Fred looked across at Angel, softened inside when he saw how relieved she was, and swore he could hear his happily beating heart. Love lifted him to a different plane from other people.

She smiled and said, “All it takes is one asshole to stop everyone’s visit, but not this time.”

They chatted about Fred’s job and his house and his plans to buy a new car, when a crackling loudspeaker announced that Inmate Visiting had filled to capacity and that the first-in, first-out policy would apply. Several pass numbers were called, none of them Fred’s, and the guard broadcast, “Say goodbye to your inmate.”

Angel looked stricken.

“Hey, it’s okay,” Fred said. “I don’t have to go right now, do I? I was at least ten people from the front.”

“Not that — I wanted to tell you some good news. My counselor gave me a release date—”

“When?”

“June 1. Time off and early release to relieve overcrowding.”

“Great! You’re saying—”

“I’ll be free. I go live my life again, report to my parole officer, and don’t reoffend.” Angel rolled her eyes. “As if I would.”

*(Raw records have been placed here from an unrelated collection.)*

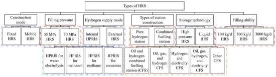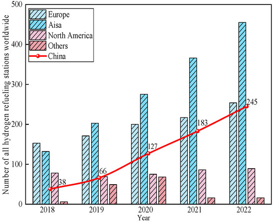 Hydrogen energy can reduce environmental pollution and energy shortage to a certain extent [1,2,3]. Hydrogen has been widely recognised as one of the most promising energy sources in the 21st century due to its cleanliness and efficiency, as well as its abundance [4,5,6]. Numerous countries have prioritised hydrogen development in production, preservation, transportation, and utilisation to better achieve low-carbon economies. Hydrogen refuelling stations (HRSs) play a pivotal role in the future of hydrogen energy [7,8]. Data from the H2 station and the China Hydrogen Energy Alliance indicate that there are over 800 HRSs worldwide, with China accounting for 245 by the end of 2022, as illustrated in Figure 1. China has rapidly developed various types of HRSs, as depicted in Figure 2. Hydrogen-producing and refuelling integrated stations (HPRISs) integrate hydrogen production, preservation, and utilisation for various typical applications. HPRISs could mitigate the risks associated with transport to some extent. Hydrogen exhibits a wide inflammability range (4–75%) and low ignition energy (0.018 mJ) [9]. These properties tend to trigger spontaneous combustion, jet fires, flash fires, combustion, and explosions, resulting in additional personal casualties and property losses [10,11]. Moreover, hydrogen in the high temperatures and pressures (typically 35 to 70 MPa) of HPRISs is prone to leakage. In recent years, hydrogen incidents have attracted distinct attention worldwide. Norway experienced a hydrogen safety incident in 2019 that resulted in two injuries. In the USA, North Carolina experienced a hydrogen explosion, causing approximately 60 houses to be damaged. Implementing immediate safety measures during the initial stages could minimise the risk of hydrogen incidents.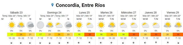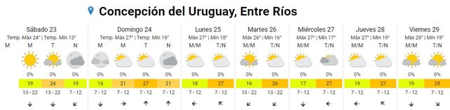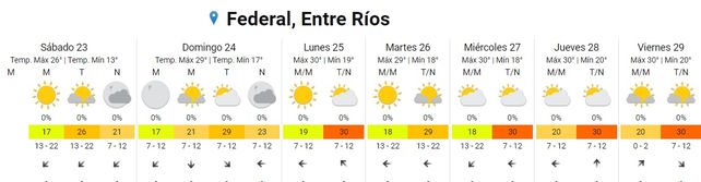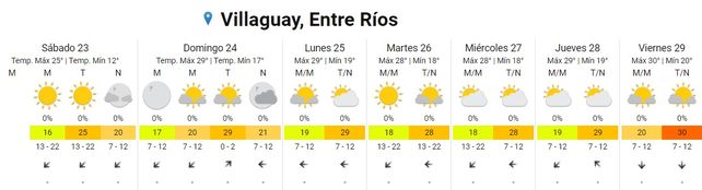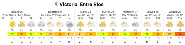 Para el viernes se espera que la temperatura máxima alcance los 30 grados con una mínima de 20, promedio. El cielo estará algo nublado durante toda la jornaday los vientos soplarán del norte.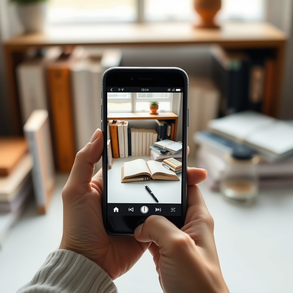 A person is holding an iPhone displaying a realistic, minimalist image captured in a study environment, characterized by clean lines and a serene atmosphere. The phone's screen shows an elegantly detailed and softly lit scene, similar to the studyblr aesthetic, with elements like neatly arranged books and a soft-focus background. The image conveys a sense of calm and focus, highlighting the simplicity and beauty of a well-organized workspace.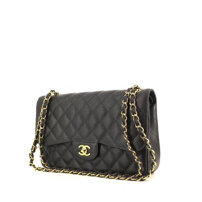 Borsa Timeless jumbo in pelle martellata e trapuntata nera Ref Collector Square: 32 46 68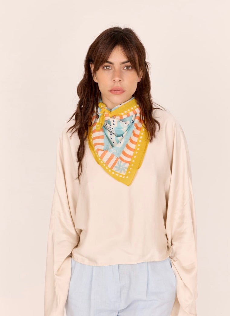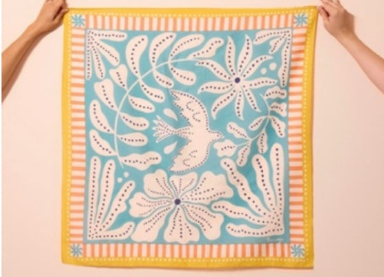 Foulard Liberté de la marque Maradji 100 % voile de coton avec son motif colombe et ses nuances de bleu ciel, ocre jaune et orangé. Dimensions : 80 x 80 cm.

Fred stroked the palm of her hand. “Look, I’ve been wanting to ask how you got to be here...”

She answered in a whisper, leaning in. “Sure. I got nothing to hide. These two so-called friends—” she spat the word “—asked me to drive ’em someplace. Then they tell me to wait in this strip mall and they go in a jewelry store? So I wait, but then a few minutes later I hear like a lot of sirens, and I’m freaking, I’m panicked, I start the car and go.”